1. An analog LED controller comprising:
a power supply terminal;
a plurality of color LED control circuits comprising a first color LED control circuit, one or more nth color LED control circuits and a Nth color LED control circuit, wherein 1<n>N and N=a total number of the color LED control circuits;
the first color LED control circuit comprising: (1) a first brightness control, (2) a first LED driver circuit coupled with the power supply terminal and the first brightness control, and (3) a first analog LED output terminal coupled to the first LED driver circuit;
each nth color LED control circuit comprising: (1) a nth brightness control, (2) a nth LED driver circuit coupled with the power supply terminal and the nth brightness control, ii and (3) a nth analog LED output terminal coupled to the nth LED driver circuit; and
the Nth color LED control circuit comprising: (1) a Nth brightness control, (2) a Nth LED driver circuit coupled with the power supply terminal and the Nth brightness control, and (3) a Nth analog LED output terminal coupled to the Nth LED driver circuit.
2. The controller as recited in claim 1, wherein the plurality of color LED control circuits are configured to control three or more color LEDs selected from the group of colors consisting essentially of blue, green, red, yellow, white, ultraviolet and infrared.
3. The controller as recited in claim 1, further comprising one or more color LEDs coupled to each of the plurality of analog LED output terminals.

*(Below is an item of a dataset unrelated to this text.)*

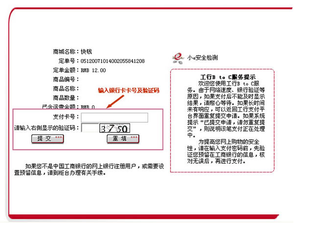 但都会有如下图所示的信息,如支付金额,定单号等。按照界面提示输入相应的卡号等信息后按确认既可。
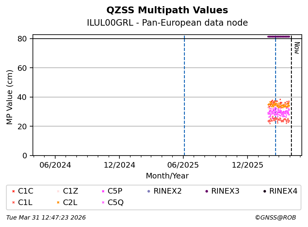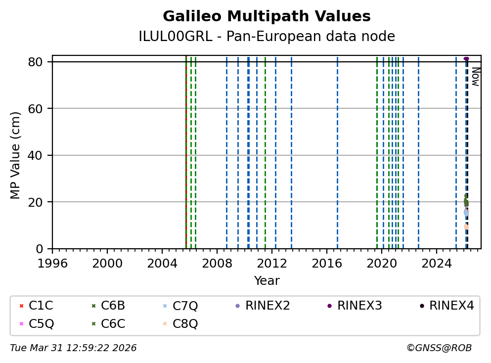 These plots display the daily mean of code multipath per frequency band and satellite constellation. Code multipath statistics are calculated for all pseudorange codes of all GNSS satellites providing dual-frequency carrier-phase observations. The code multipath characterizes the quality of the observed signal and the site environment.

4. The controller as recited in claim 3, wherein the color LEDs comprise one or more blue LEDs, one or more green LEDs and one or more red LEDs.
5. The controller as recited in claim 1, wherein N=3 and further comprising at least one tricolor LED coupled to the plurality of analog LED output terminals.
6. The controller as recited in claim 1, further comprising a set of color LEDs coupled to each of the plurality of analog LED output terminals wherein the color LEDs within each set of color LEDS are connected in parallel.
7. The controller as recited in claim 6, wherein additional LEDs are added to each set of LEDs without having to modify the controller.
8. The controller as recited in claim 1, wherein the brightness controls are coupled to a diagnostic or testing device.
9. The controller as recited in claim 1, further comprising a power supply coupled to the power supply terminal.
10. The controller as recited in claim 1, wherein the brightness controls are manually controlled brightness controls.
11. The controller as recited in claim 1, wherein the brightness controls are automatically controlled brightness controls.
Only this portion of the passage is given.